The Alberta Securities Commission (ASC) has temporarily upheld a shareholder rights plan implemented by Canadian Oil Sands Limited (COSL) for an additional 30 days in response to an unsolicited takeover bid made by Suncor Energy Inc. ("Suncor"). COSL had defended its rights plan on the basis that the 120-day tender period it required for hostile bids:

  • was necessary for shareholders to evaluate recent developments related to COSL's business and thus the value of Suncor's offer; and
  • was consistent with proposed amendments to the Canadian takeover bid regime (the "Proposed Amendments").

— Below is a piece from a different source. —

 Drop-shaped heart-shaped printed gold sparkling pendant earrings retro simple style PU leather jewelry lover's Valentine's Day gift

The ASC did not apply the principles of the Proposed Amendments in allowing the rights plan to endure for a total of 90 days. However, a 90-day period appears to be a compromise between the requirements of the Proposed Amendments and the 60 days Canadian securities regulators have generally considered a reasonable period for a rights plan to endure, depending on the factual circumstances. While the ASC's reasons have not yet been published, based on the evidence provided by COSL that it was in discussions with four credible buyers, the ASC concluded that allowing the COSL board an additional month to seek a better offer than the Suncor bid was in the best interests of COSL's shareholders.

Background

The background to Suncor's bid is described in our October 27, 2015 Update, Hostile Bid for Canadian Oil Sands Foreshadows Tactics Under Proposed Takeover Bid Regime. The rights plan in question was implemented in response to Suncor's unsolicited offer, which was structured as a "permitted bid" under COSL's pre-existing rights plan. COSL's second rights plan enhanced the "permitted bid" requirements in the pre-existing rights plan such that Suncor's offer would trigger substantial dilution unless it were to remain open for 120 days. In substance, COSL was challenging Suncor to revise its bid to comply with the Proposed Amendments or apply to the ASC for a cease trade order.

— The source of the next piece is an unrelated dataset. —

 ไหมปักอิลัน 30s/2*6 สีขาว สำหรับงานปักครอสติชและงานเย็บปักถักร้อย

Implications of the Ruling

It is not clear whether Suncor will revise its bid to remain open until January 4, 2016, the date the rights plan will be cease traded. If Suncor extends its bid, COSL will likely continue seeking a more favourable offer from other bidders; if Suncor does not extend its bid, the auction for COSL will likely cease.

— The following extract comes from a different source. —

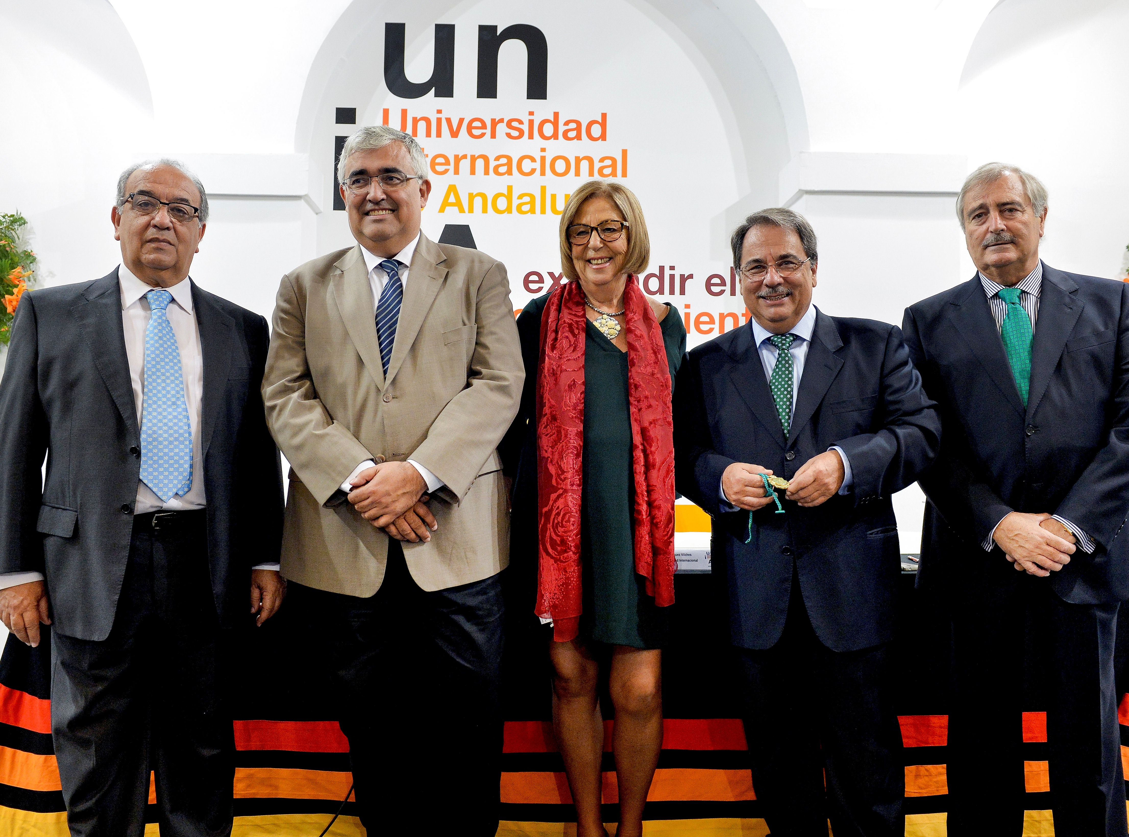 Los consejero de Economía y Conocimiento, Antonio Ramírez de Arellano; y Educación, Adelaida de la Calle, han asistido a la entrega de la medalla de oro de la Universidad Internacional de Andalucía (UNIA) al ex rector de esta institución Juan Manuel Suárez Japón, cuya trayectoria acumula más de 40 años dedicado a la enseñanza.

Reporting issuers should be aware that until the Proposed Amendments come into force, the regulators appear to be generally acting in accordance with current rules and principles (see also our December 1, 2015 Update, BCSC Permits Private Placement in Face of a Hostile Bid). All decisions regarding rights plans, however, are highly contextual, and the regulators will tailor remedies to their view of the facts and the shareholders' best interests.

The content of this article does not constitute legal advice and should not be relied on in that way. Specific advice should be sought about your specific circumstances.